All the four and 12 most abundant phyla and genera, respectively, showed significant differences (p < 0.0001; LME test) in their mean relative proportions across all skin regions and microenvironments, except for Finegoldia (Supplementary Table S3). Skin region pairwise comparisons of the most abundant phyla and genera showed the highest numbers of significant differences (LME test) between CA or FA and other skin regions, while CA – FA showed the lowest number of significantly different taxa (Supplementary Table S3). Accordingly, microenvironment pairwise comparisons of the most abundant phyla and genera showed the highest numbers of significant differences (LME test) between dry and other microenvironment, while moist-oily showed the lowest number of significantly different taxa (Supplementary Table S3).

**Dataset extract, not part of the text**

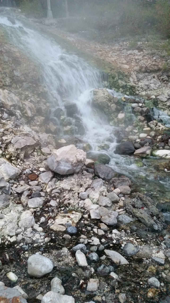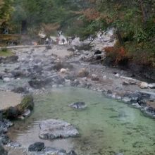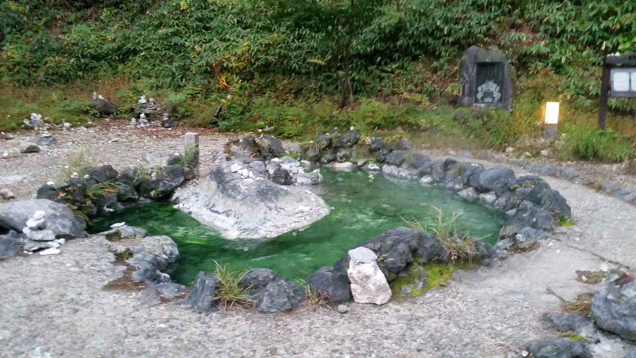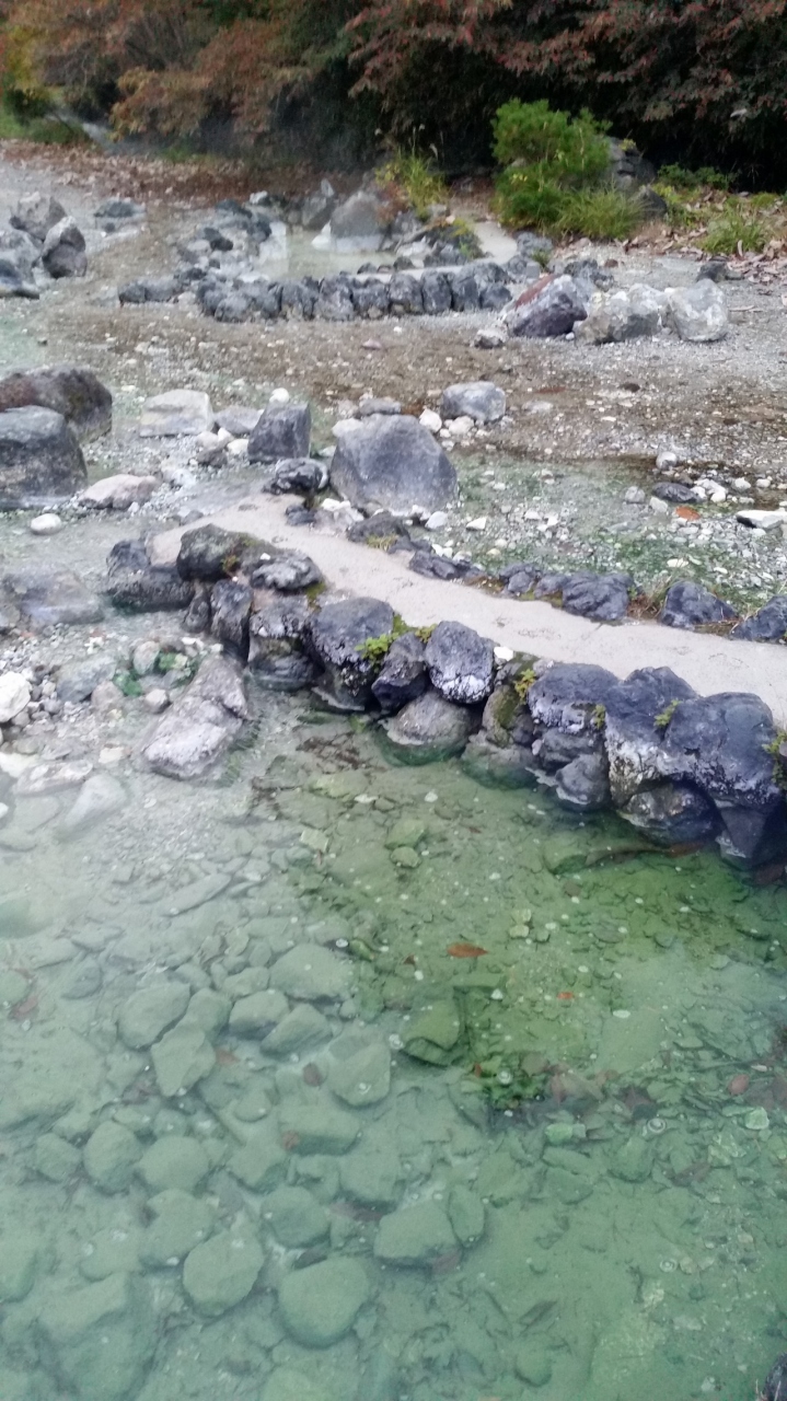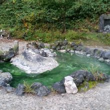公園といっても遊具があるわけでもなく、足湯があって湧き出でる温泉が流れる川沿いの散策場所です。
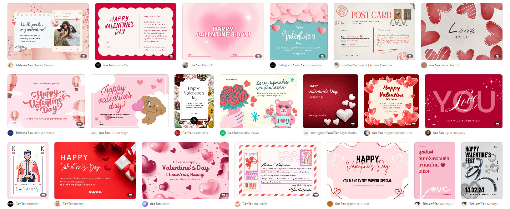 เลือกใช้และปรับไปใช้ได้เลย หรือหากคุณไม่ถูกใจกับการ์ดสำเร็จรูปที่เราทำให้ สามารถออกแบบและทำได้ด้วยตัวเองง่าย ๆ ด้วย canva ที่มีการ์ดหลากหลายให้นำมาใช้และสามารถปรับแต่งได้ตามความต้องการ เพราะ canva ได้บอกว่า “เราได้รวบรวมเทมเพลตแบบการ์ดวันวาเลนไทน์ หลากหลายแบบ หลายสไตล์ เหมาะสำหรับมอบให้คนที่คุณรัก ไม่ว่าจะเป็นสไตล์โรแมนติก หรือหวานแหวว คุณสามารถสร้างและใช้งานตัวอย่างการ์ดวันวาเลนไทน์ออนไลน์ได้ง่าย ๆ ทุกที่ ทุกเวลา ตอบโจทย์ทุกความต้องการที่เรา” (CANVA) เพียงสมัครสมาชิก CANVA จะแบบใช้งานฟรีหรือจ่ายเงินก็ได้ เราสามารถออกแบบและส่งการ์ดได้ฟรี ที่นี่

BB, BE, BT, FA, and CA samples had 586, 613, 777, 1,703, and 2,366 unique ASVs, respectively (Supplementary Figure S2). The five groups shared 455 unique ASVs, while paired groups shared a variable number, ranging from 437 (CA and FA) to 21 ASVs (BB and BE). Only two ASVs (ASV1 and ASV2) of the genera Staphylococcus and Corynebacterium comprised the skin core bacteriome of all samples (90% prevalence) and accounted for 32 and 12.8% of the total reads, respectively. These same genera have also been assigned to the skin core in other studies of different cohorts (Costello et al., 2009; Wang et al., 2021) and may represent the more stable and consistent bacterial members of the skin bacteriota (Backhed et al., 2012; Shade and Handelsman, 2012).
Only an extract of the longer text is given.